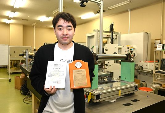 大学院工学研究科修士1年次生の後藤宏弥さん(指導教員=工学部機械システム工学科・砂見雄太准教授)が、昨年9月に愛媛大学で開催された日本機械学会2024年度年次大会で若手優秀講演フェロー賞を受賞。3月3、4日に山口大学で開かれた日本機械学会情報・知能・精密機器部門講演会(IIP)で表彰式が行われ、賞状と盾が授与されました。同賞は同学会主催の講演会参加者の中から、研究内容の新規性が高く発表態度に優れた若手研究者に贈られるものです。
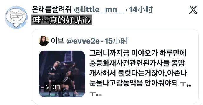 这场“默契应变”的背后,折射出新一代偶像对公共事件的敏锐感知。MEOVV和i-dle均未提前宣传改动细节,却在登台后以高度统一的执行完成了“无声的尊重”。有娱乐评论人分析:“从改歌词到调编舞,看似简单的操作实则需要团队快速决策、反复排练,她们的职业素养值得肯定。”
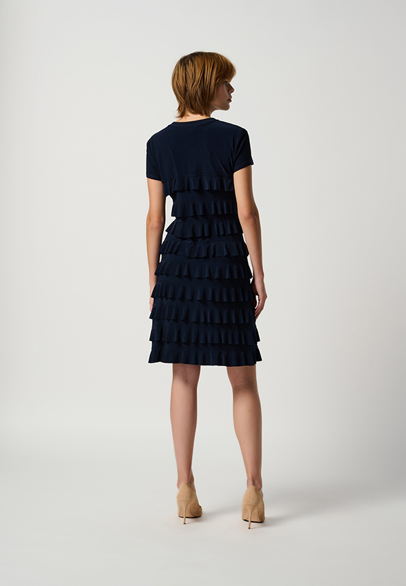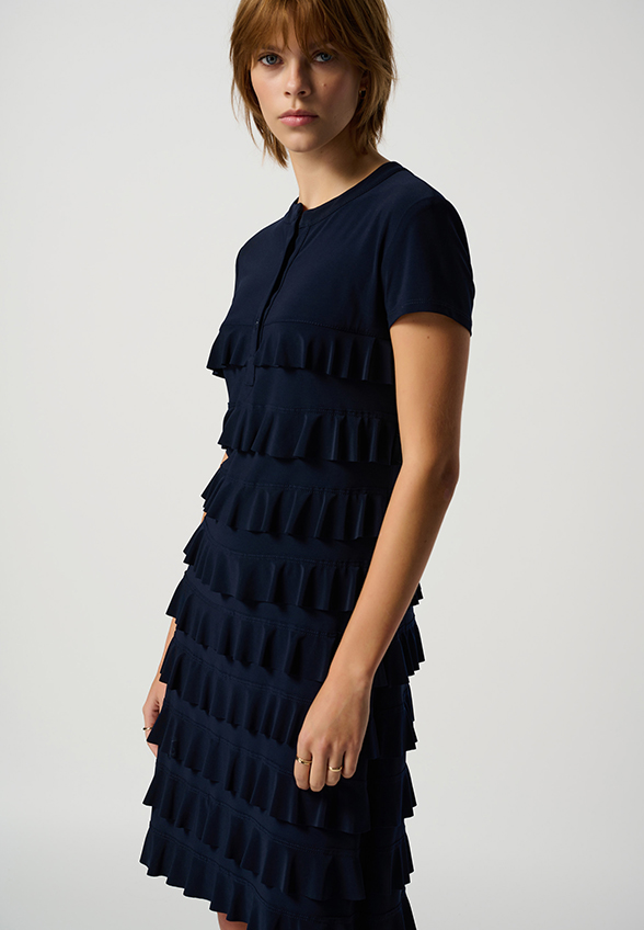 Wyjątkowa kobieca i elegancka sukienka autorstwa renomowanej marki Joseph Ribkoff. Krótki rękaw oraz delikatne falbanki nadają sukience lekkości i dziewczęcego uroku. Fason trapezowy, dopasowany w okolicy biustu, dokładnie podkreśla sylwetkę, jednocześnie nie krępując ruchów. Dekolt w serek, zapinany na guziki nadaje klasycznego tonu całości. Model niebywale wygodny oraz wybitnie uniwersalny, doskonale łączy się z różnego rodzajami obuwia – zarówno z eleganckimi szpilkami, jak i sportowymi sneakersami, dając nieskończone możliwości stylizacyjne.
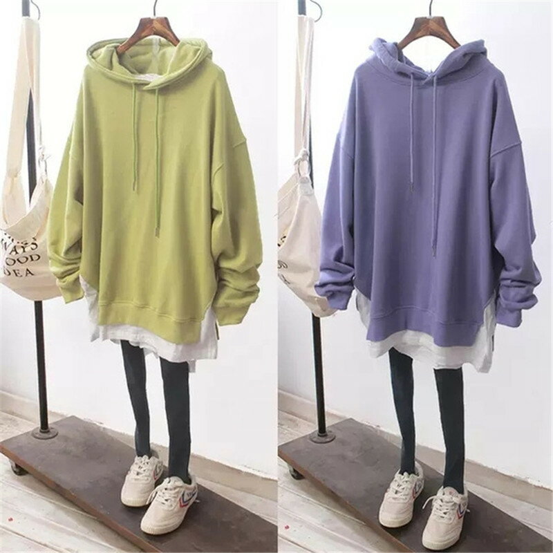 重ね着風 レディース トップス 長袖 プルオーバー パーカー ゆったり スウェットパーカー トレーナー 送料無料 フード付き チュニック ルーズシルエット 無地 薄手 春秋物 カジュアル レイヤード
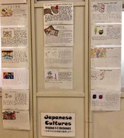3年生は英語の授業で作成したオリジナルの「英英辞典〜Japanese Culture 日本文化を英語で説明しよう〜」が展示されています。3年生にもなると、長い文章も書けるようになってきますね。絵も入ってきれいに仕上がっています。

- WHAT THIS TASK INVOLVES:
Begin at the line that contains "Wyjątkowa kobieca i" and transcribe every line through the end of the listing, exactly as written. Omit the pictures.

- EXERCISE RESULT:
 Wyjątkowa kobieca i elegancka sukienka autorstwa renomowanej marki Joseph Ribkoff. Krótki rękaw oraz delikatne falbanki nadają sukience lekkości i dziewczęcego uroku. Fason trapezowy, dopasowany w okolicy biustu, dokładnie podkreśla sylwetkę, jednocześnie nie krępując ruchów. Dekolt w serek, zapinany na guziki nadaje klasycznego tonu całości. Model niebywale wygodny oraz wybitnie uniwersalny, doskonale łączy się z różnego rodzajami obuwia – zarówno z eleganckimi szpilkami, jak i sportowymi sneakersami, dając nieskończone możliwości stylizacyjne.
 重ね着風 レディース トップス 長袖 プルオーバー パーカー ゆったり スウェットパーカー トレーナー 送料無料 フード付き チュニック ルーズシルエット 無地 薄手 春秋物 カジュアル レイヤード
3年生は英語の授業で作成したオリジナルの「英英辞典〜Japanese Culture 日本文化を英語で説明しよう〜」が展示されています。3年生にもなると、長い文章も書けるようになってきますね。絵も入ってきれいに仕上がっています。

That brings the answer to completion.